Girvan H M, Waltham T N, Neeli R, Collins H F, McLean K J, Scrutton N S, Leys D, Munro A W
Manchester Interdisciplinary Biocentre, School of Chemical Engineering and Analytical Science, University of Manchester, 131 Princess Street, Manchester M1 7ND, UK.
Biochem Soc Trans. 2006 Dec;34(Pt 6):1173-7. doi: 10.1042/BST0341173.

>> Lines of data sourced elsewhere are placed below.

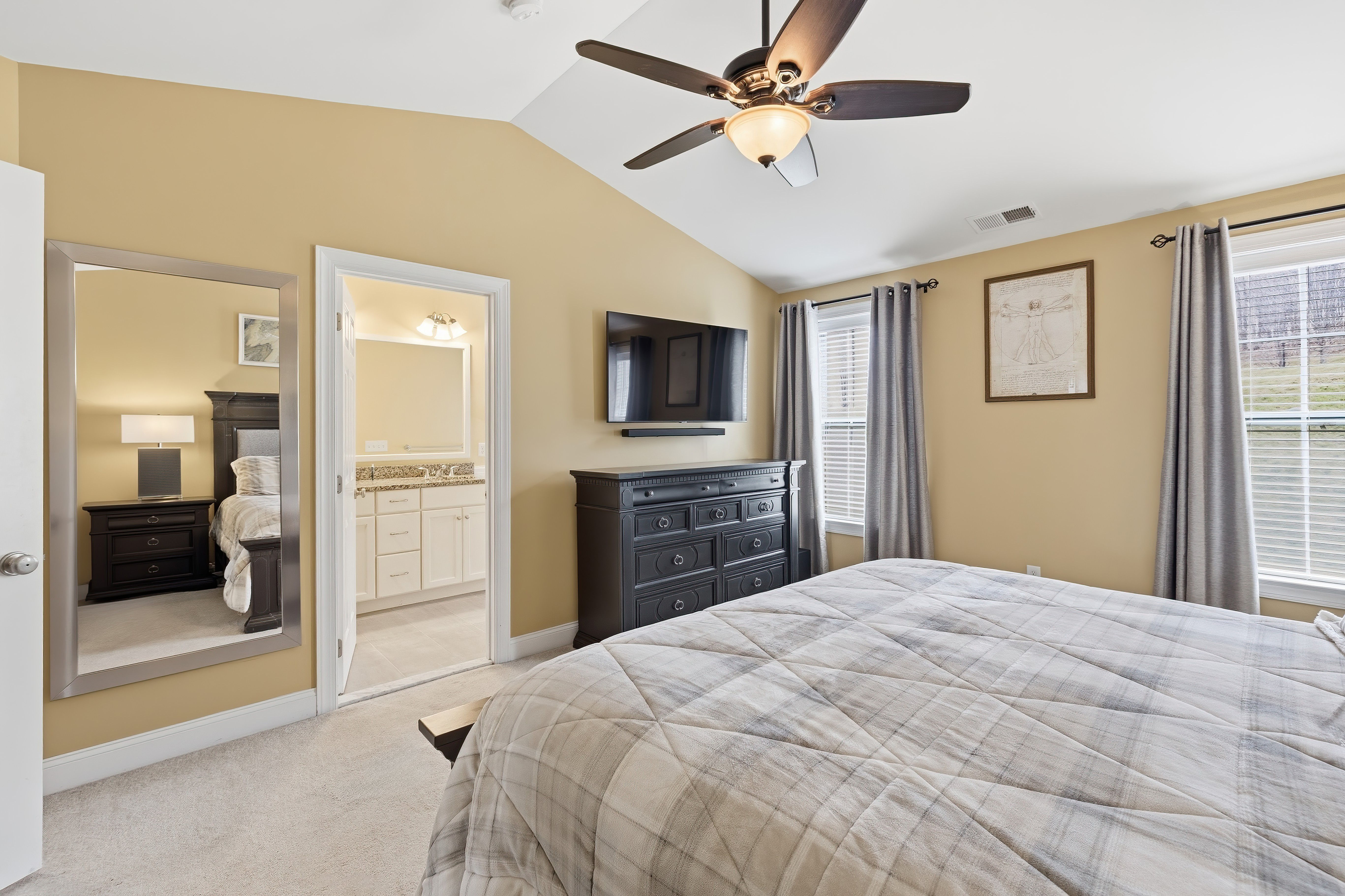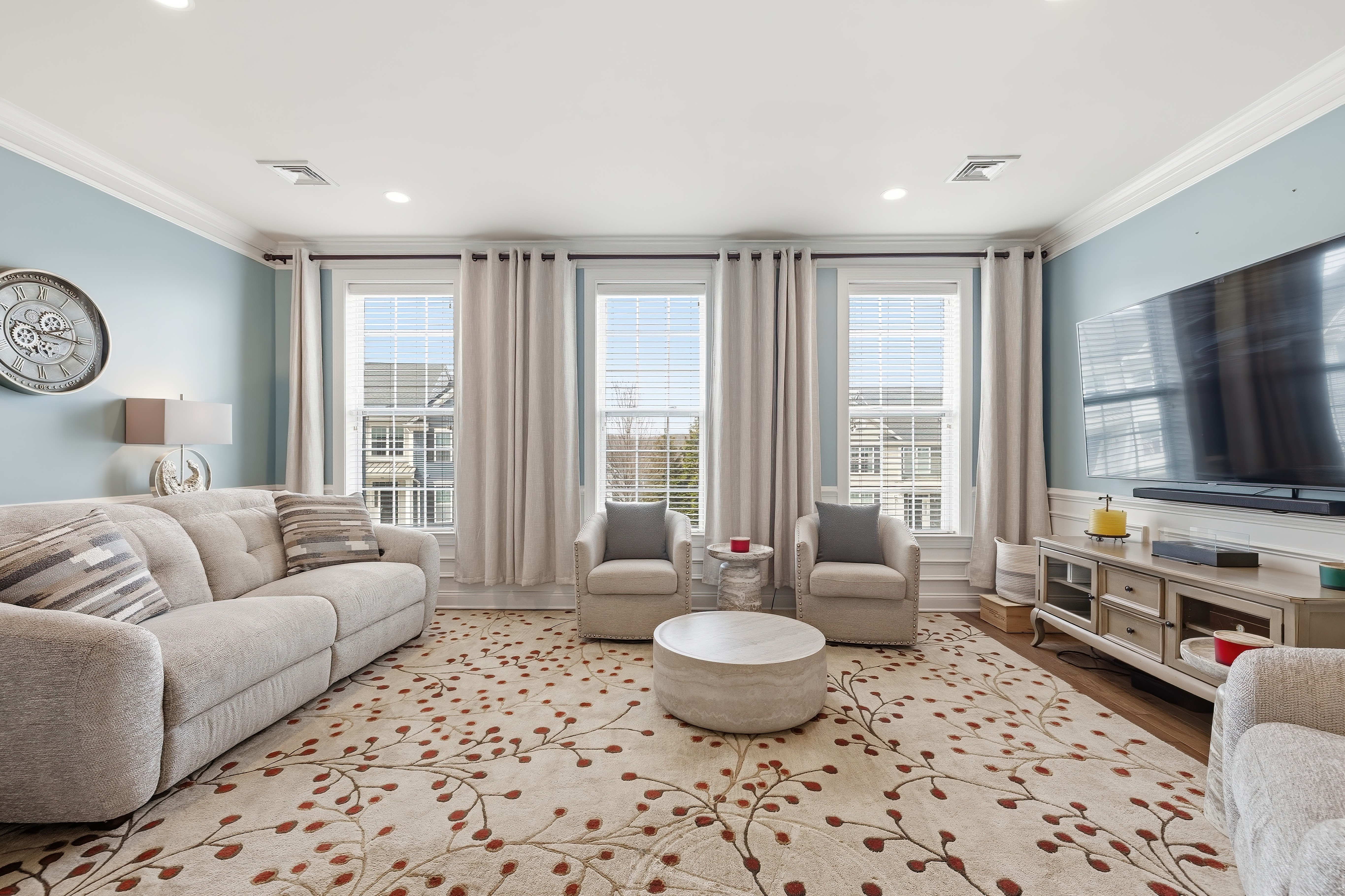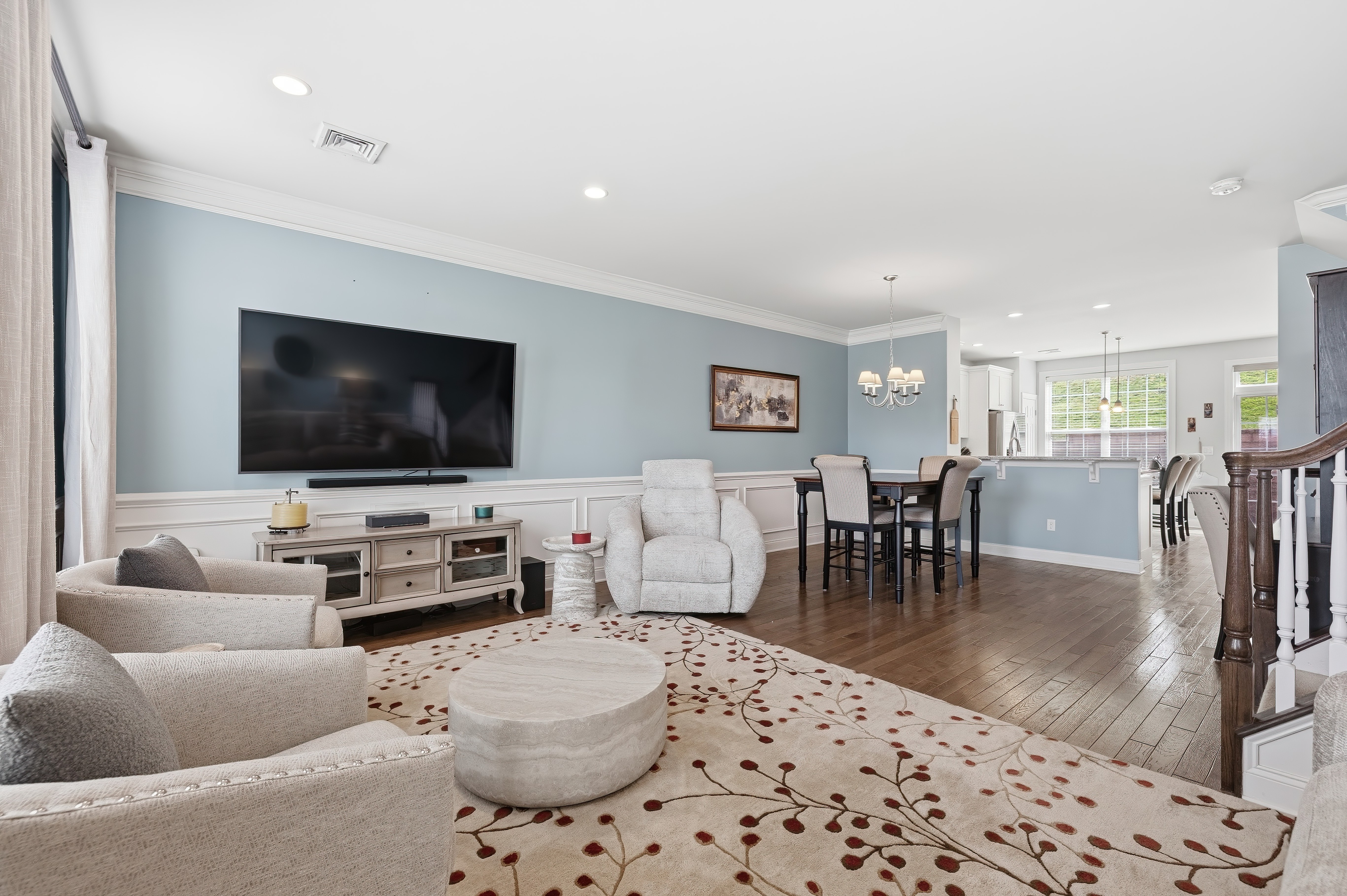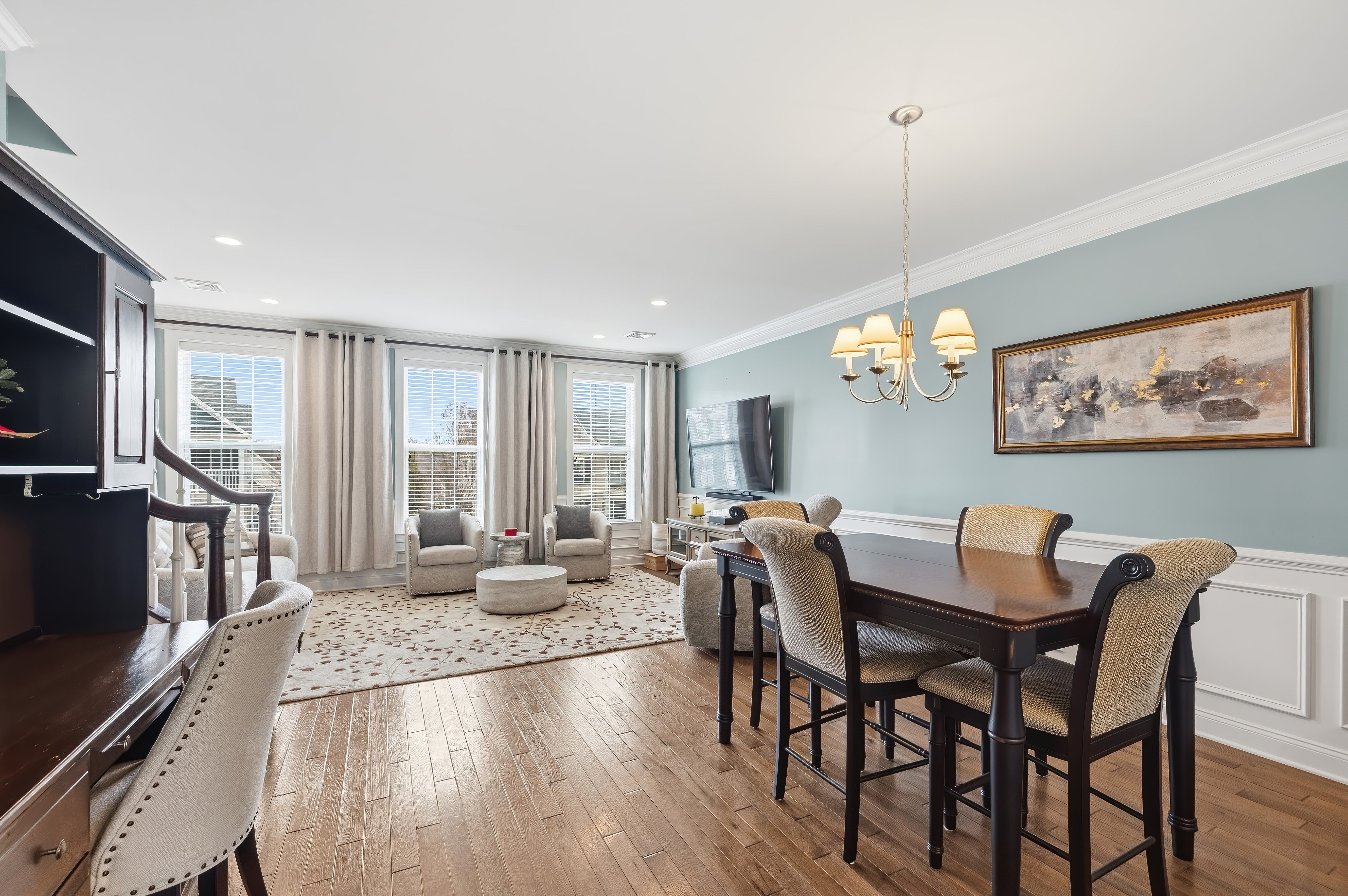 Looking for a turn key home that is both sophisticated and spacious? Look no further.... this townhouse is for you! Located in the Hills at Rivington, this home has stunning hardwood floors throughout the main level . Crown molding and wainscoting offer an elegant feel as you entertain in the spacious living room and dinning room areas. The stunning kitchen has granite countertops, newer stainless steel appliances, generous island sitting and a custom hutch with a wine refrigerator. Sliding doors allow you to enjoy the outdoor patio for a BBQ or just to relax. The upper level bedrooms all offer vaulted ceilings with ceiling fans for your comfort. The primary bedroom has an impressive walk in closet with custom built in shelving and a luxurious full bathroom. If you need more storage, there is plenty right off the tandem 2 car garage. This Hills-unique home also includes access to a private pool, pool house and playground within walking distance! The Main Clubhouse offers both indoor & outdoor pools, fitness center, yoga studio, movie theater, arts & crafts room, bocce, tennis, pickleball, basketball courts, walking trail and more. All this and the convenience to highways, shopping and restaurants make this the ideal place to live!
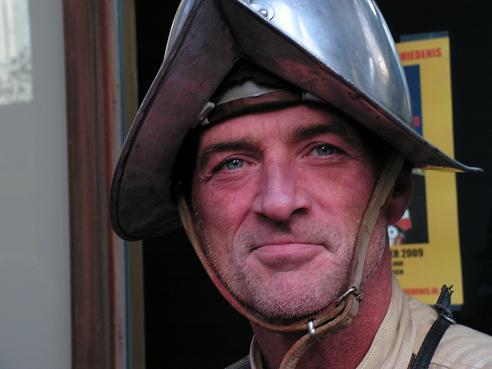 Deze Spaanse soldaat kwam helemaal uit Den Briel. Zijn helm woog bijna een kilo:
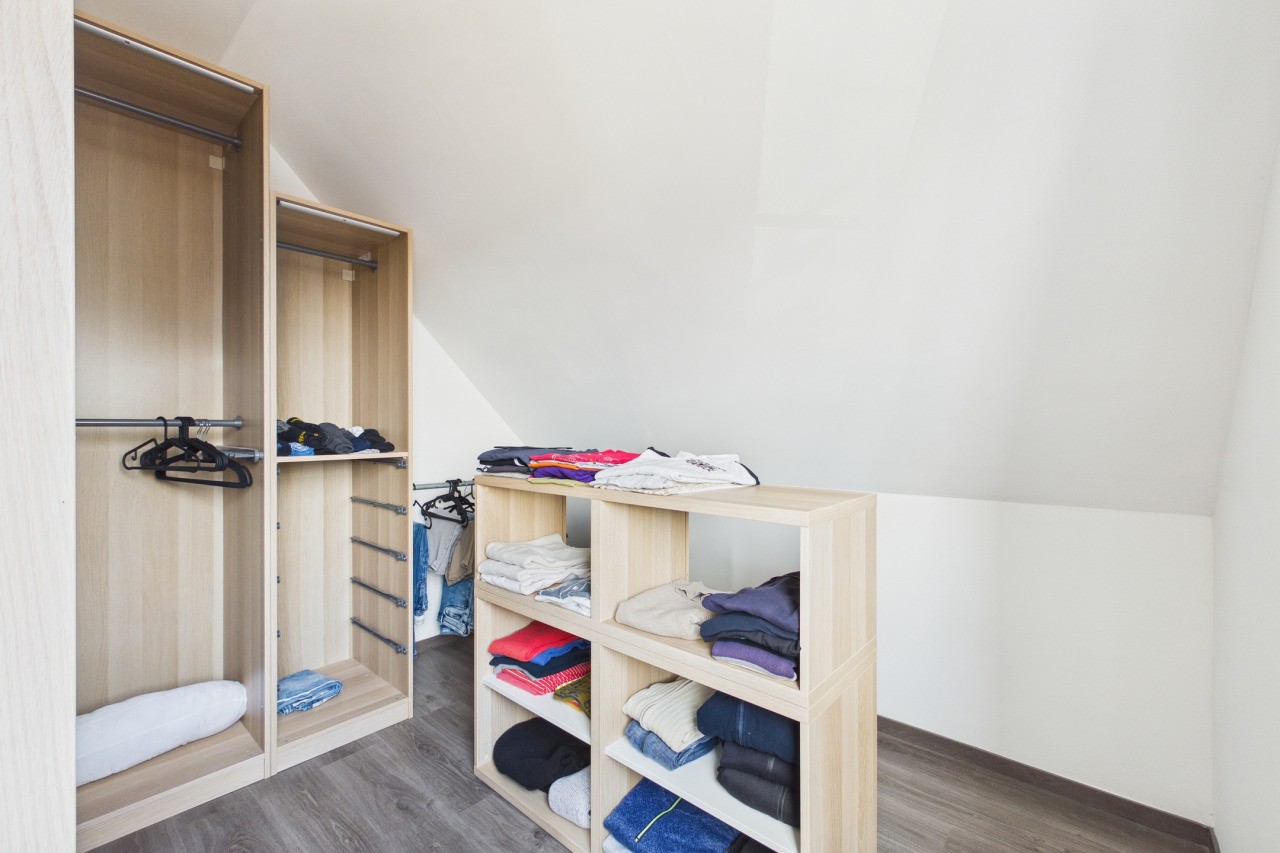 Via een vlizotrap bereik je de tweede verdieping, die in gebruik is als bergzolder. Een praktische ruimte voor het opbergen van spullen die je niet dagelijks nodig hebt, waardoor de rest van de woning overzichtelijk blijft.

Flavocytochrome P450 (cytochrome P450) BM3 is an intensively studied model system within the P450 enzyme superfamily, and is a natural fusion of a P450 to its P450 reductase redox partner. The fusion arrangement enables efficient electron transfer within the enzyme and a catalytic efficiency that cannot be matched in P450 systems from higher organisms. P450 BM3's potential for industrially relevant chemical transformations is now recognized, and variants with biotechnological applications have been constructed. Simultaneously, structural and mechanistic studies continue to reveal the intricate mechanistic details of this enzyme, including its dimeric organization and the relevance of this quaternary structure to catalysis. Homologues of BM3 have been found in several bacteria and fungi, indicating important physiological functions in these microbes and enabling first insights into evolution of the enzyme family. This short paper deals with recent developments in our understanding of structure, function, evolution and biotechnological applications of this important P450 system.
黄素细胞色素P450(细胞色素P450)BM3是P450酶超家族中一个经过深入研究的模型系统,它是一种P450与其P450还原酶氧化还原伴侣的天然融合体。这种融合结构使得酶内能够进行高效的电子转移,并且具有较高的催化效率,这是高等生物的P450系统所无法比拟的。现在人们已经认识到P450 BM3在工业相关化学转化方面的潜力,并且构建了具有生物技术应用价值的变体。与此同时,结构和机理研究不断揭示该酶复杂的机理细节,包括其二聚体结构以及这种四级结构与催化作用的相关性。在几种细菌和真菌中发现了BM3的同源物,这表明该酶在这些微生物中具有重要的生理功能,并且有助于初步了解该酶家族的进化情况。这篇短文论述了我们在理解这个重要的P450系统的结构、功能、进化和生物技术应用方面的最新进展。